▶ Prompt: Give the records again. Keep them exact and leave out the images.

▶ Data for processing:
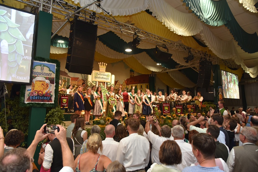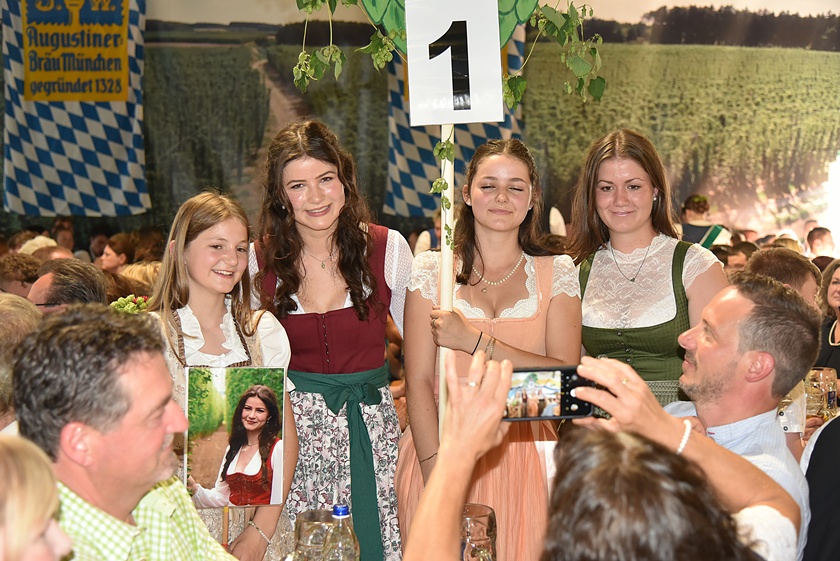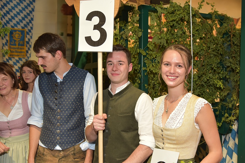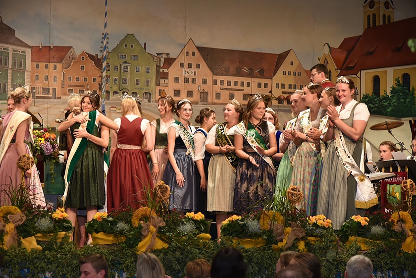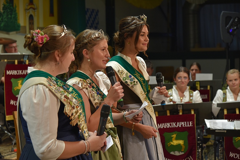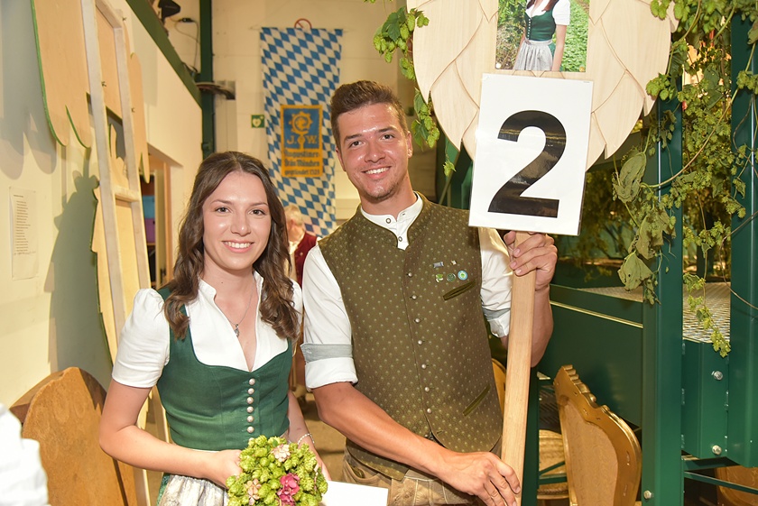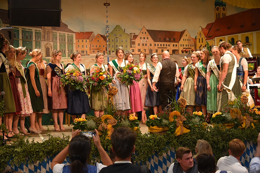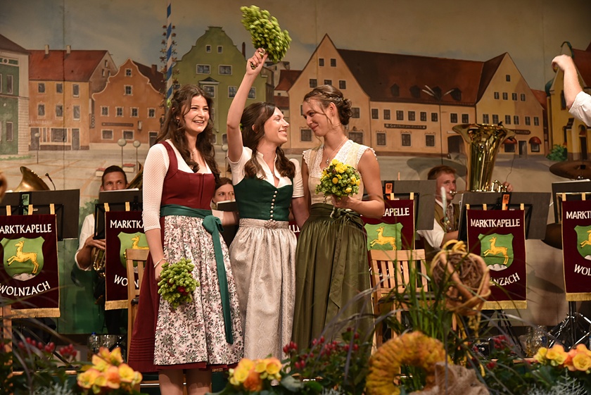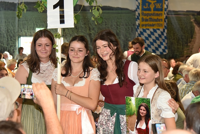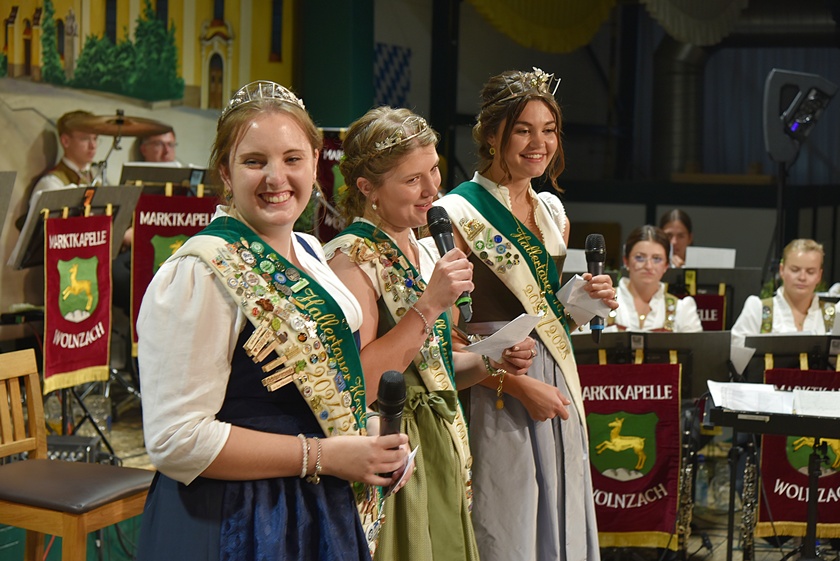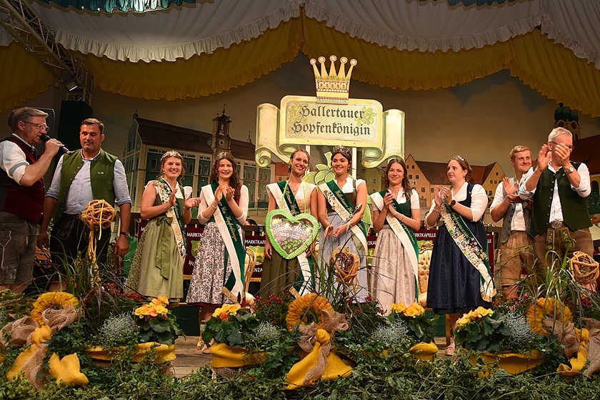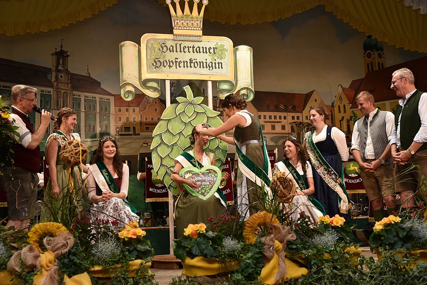 "Auch in diesem Jahr war die Anfrage nach Platzkarten zur Wahl der Hallertauer Hopfenkönigin auf dem Volksfest in Wolnzach wieder größer als im Vorjahr", berichtet der Hallertauer Hopfen-Pflanzer-Verband. "Schon lange kann nicht mehr jeder Wunsch erfüllt werden, weil schlichtweg immer mehr Besucher kommen wollen, als Plätze zur Verfügung stehen." Gestern drängten nach Angaben des Verbands etwa 2500 Leute in die Festhalle. Durch den Abend führte Alexander Nadler, der die Bewerberinnen befragte und ihnen die Gelegenheit zur Vorstellung gab. Das Publikum hatte schließlich die Qual der Wahl und musste in zwei Wahlgängen über die Platzierungen entscheiden.
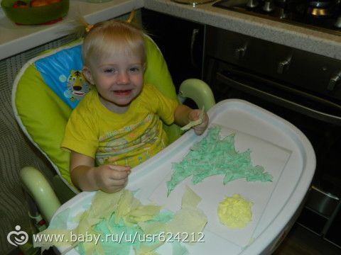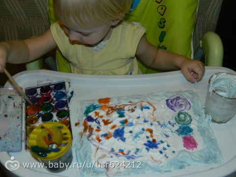 Краски только пальчиковый давала, так он за минуту все руки измажет и нервничает что грязный)
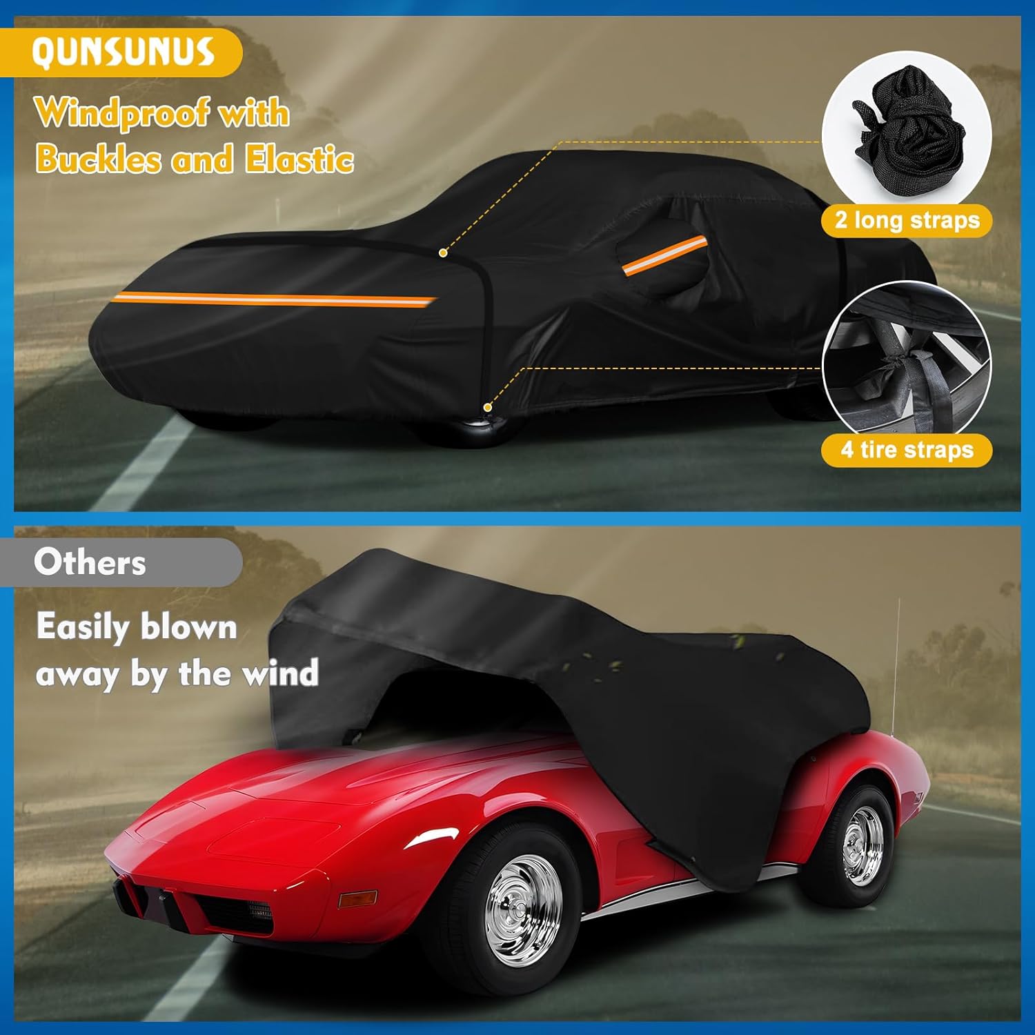 QUNSUNUS 6 Layer Car Cover for C3 Corvette 1968-1982 Waterproof All Weather Windproof for Corvette Car Cover Hail Protection with Zipper
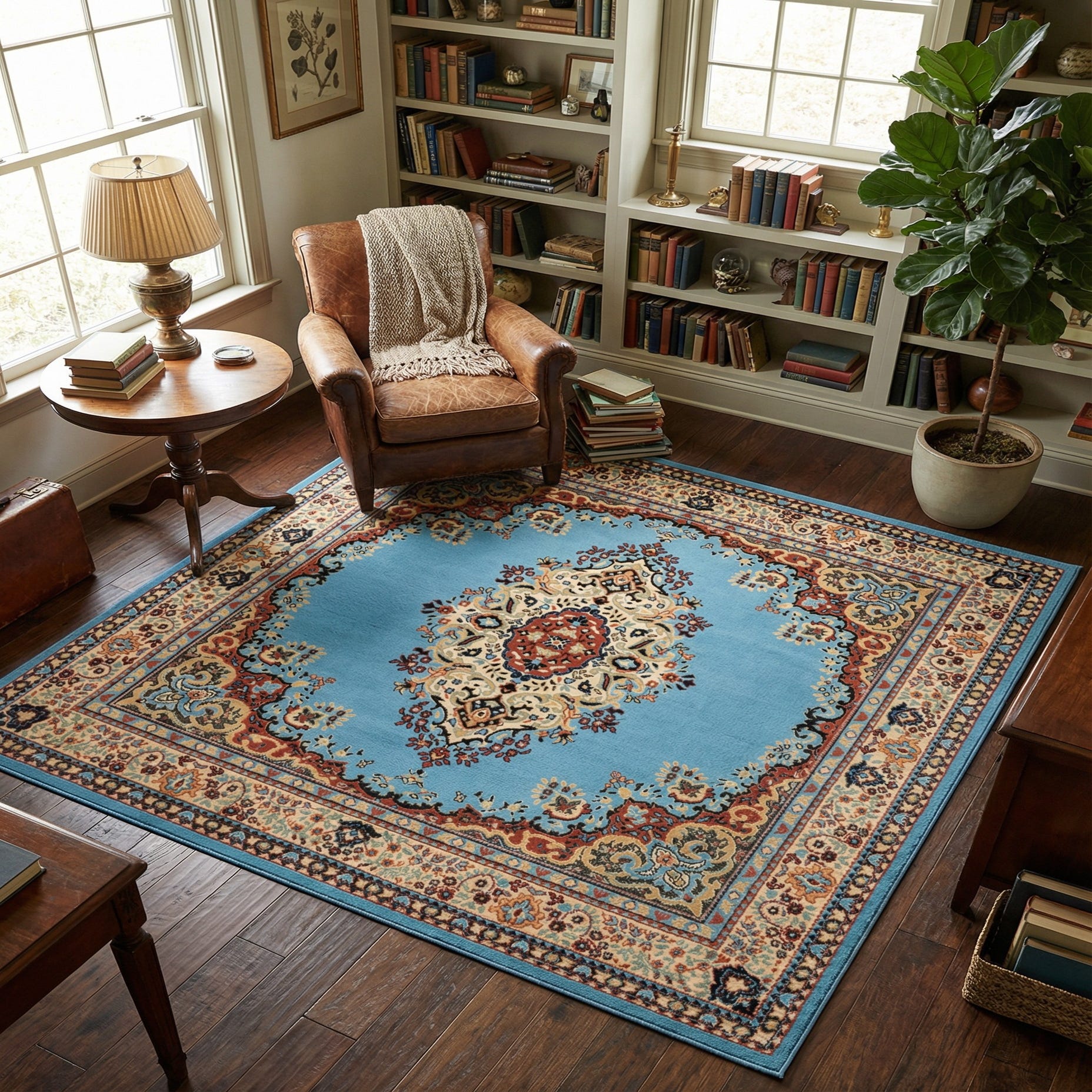This colorway and pattern work well in living rooms and bedrooms where the rug can act as a focal anchor beneath seating or a bed, or beneath a dining table to introduce pattern without overwhelming the space. Pair it with warm wood tones, navy or cream upholstery, and brass or antiqued metal accents for a traditional or transitional scheme; the light blue background also complements coastal and cottage interiors when combined with white trim and natural textures.
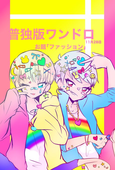 #普独版ワンドロ お題「ファッション」遅刻&3時間オーバーです! 💗💗原宿系ファッション、デコラってかわいい❣️ kawaii💗のてんこもりです🌈✨🎀💕
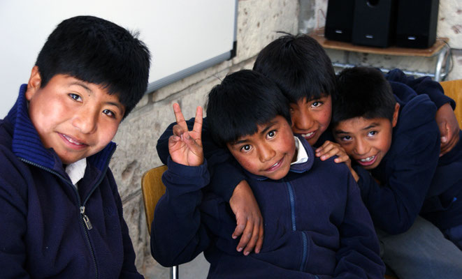 Wie von einem Balkon überblickt man von hier oben den Salar de Atacama. Ein besonderes Erlebnis wird für uns der überraschende Besuch in der Schule des Ortes. Schüler unterschiedlicher
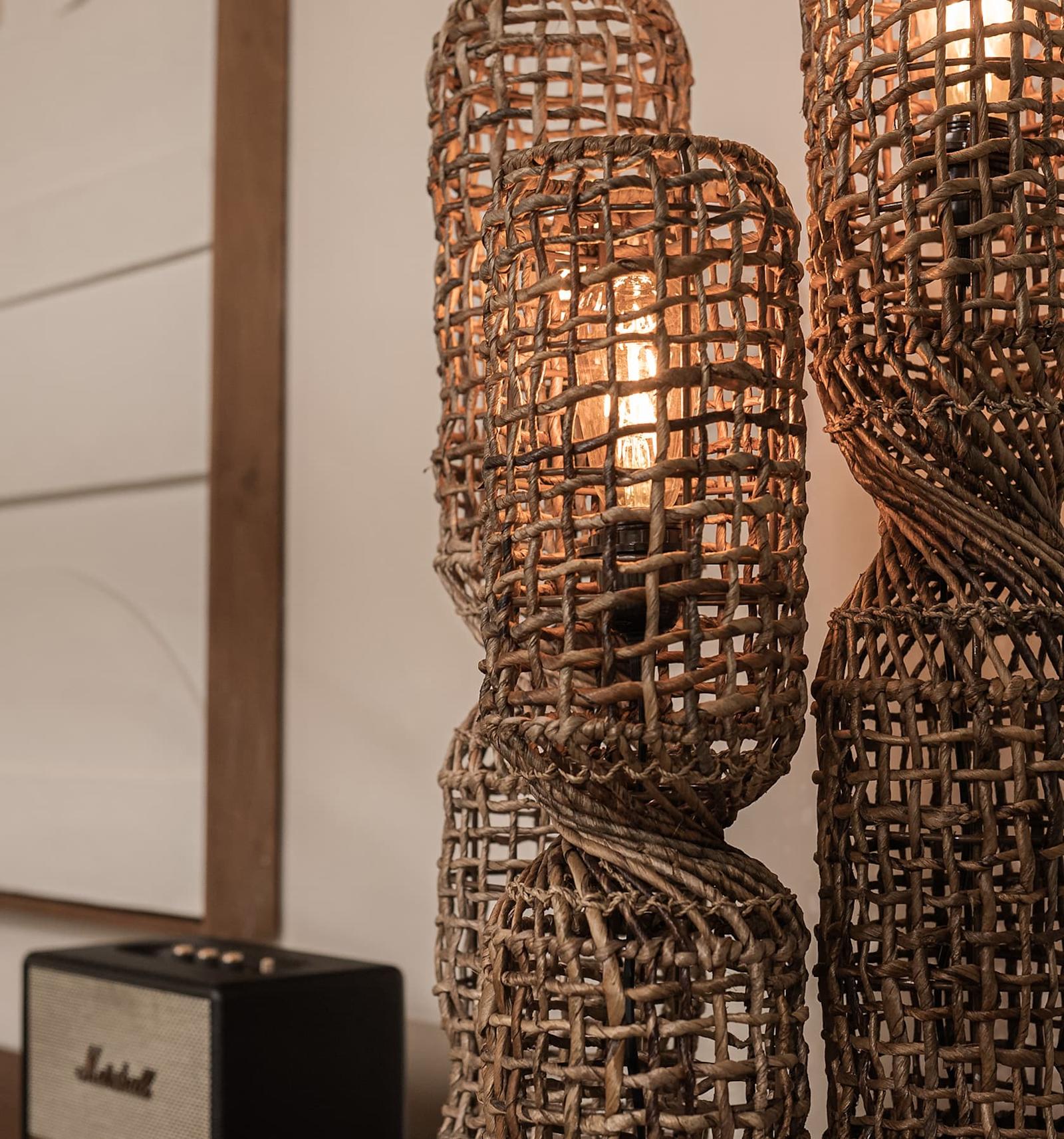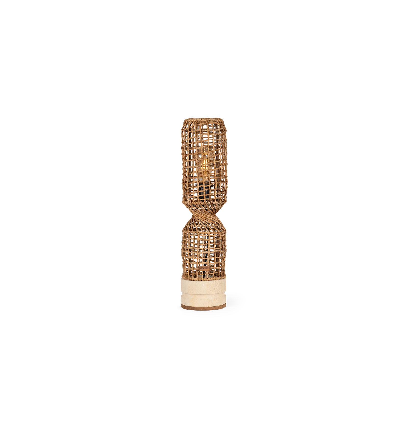De Twister tafellampen zijn een unieke en verfijnde toevoeging aan elk interieur. Het ontwerp, geïnspireerd door een 'vissentrap', combineert een stevig metalen frame met vakkundig gewikkelde Abaca-schors, waardoor een rustieke en toch elegante geweven uitstraling ontstaat. De lampen zijn kunstzinnig gedraaid, met stijlvolle "draaidetails" die de lamp een speelse charme geven. Ze rusten op een robuuste, handgedraaide zandstenen basis, die niet alleen zorgt voor stabiliteit, maar ook voor een vleugje natuurlijke schoonheid. Deze lampen brengen sfeer, veiligheid en stijl in elke ruimte.

▶ Answer for the task:
 "Auch in diesem Jahr war die Anfrage nach Platzkarten zur Wahl der Hallertauer Hopfenkönigin auf dem Volksfest in Wolnzach wieder größer als im Vorjahr", berichtet der Hallertauer Hopfen-Pflanzer-Verband. "Schon lange kann nicht mehr jeder Wunsch erfüllt werden, weil schlichtweg immer mehr Besucher kommen wollen, als Plätze zur Verfügung stehen." Gestern drängten nach Angaben des Verbands etwa 2500 Leute in die Festhalle. Durch den Abend führte Alexander Nadler, der die Bewerberinnen befragte und ihnen die Gelegenheit zur Vorstellung gab. Das Publikum hatte schließlich die Qual der Wahl und musste in zwei Wahlgängen über die Platzierungen entscheiden.
 Краски только пальчиковый давала, так он за минуту все руки измажет и нервничает что грязный)
 QUNSUNUS 6 Layer Car Cover for C3 Corvette 1968-1982 Waterproof All Weather Windproof for Corvette Car Cover Hail Protection with Zipper
This colorway and pattern work well in living rooms and bedrooms where the rug can act as a focal anchor beneath seating or a bed, or beneath a dining table to introduce pattern without overwhelming the space. Pair it with warm wood tones, navy or cream upholstery, and brass or antiqued metal accents for a traditional or transitional scheme; the light blue background also complements coastal and cottage interiors when combined with white trim and natural textures.
 #普独版ワンドロ お題「ファッション」遅刻&3時間オーバーです! 💗💗原宿系ファッション、デコラってかわいい❣️ kawaii💗のてんこもりです🌈✨🎀💕
 Wie von einem Balkon überblickt man von hier oben den Salar de Atacama. Ein besonderes Erlebnis wird für uns der überraschende Besuch in der Schule des Ortes. Schüler unterschiedlicher
De Twister tafellampen zijn een unieke en verfijnde toevoeging aan elk interieur. Het ontwerp, geïnspireerd door een 'vissentrap', combineert een stevig metalen frame met vakkundig gewikkelde Abaca-schors, waardoor een rustieke en toch elegante geweven uitstraling ontstaat. De lampen zijn kunstzinnig gedraaid, met stijlvolle "draaidetails" die de lamp een speelse charme geven. Ze rusten op een robuuste, handgedraaide zandstenen basis, die niet alleen zorgt voor stabiliteit, maar ook voor een vleugje natuurlijke schoonheid. Deze lampen brengen sfeer, veiligheid en stijl in elke ruimte.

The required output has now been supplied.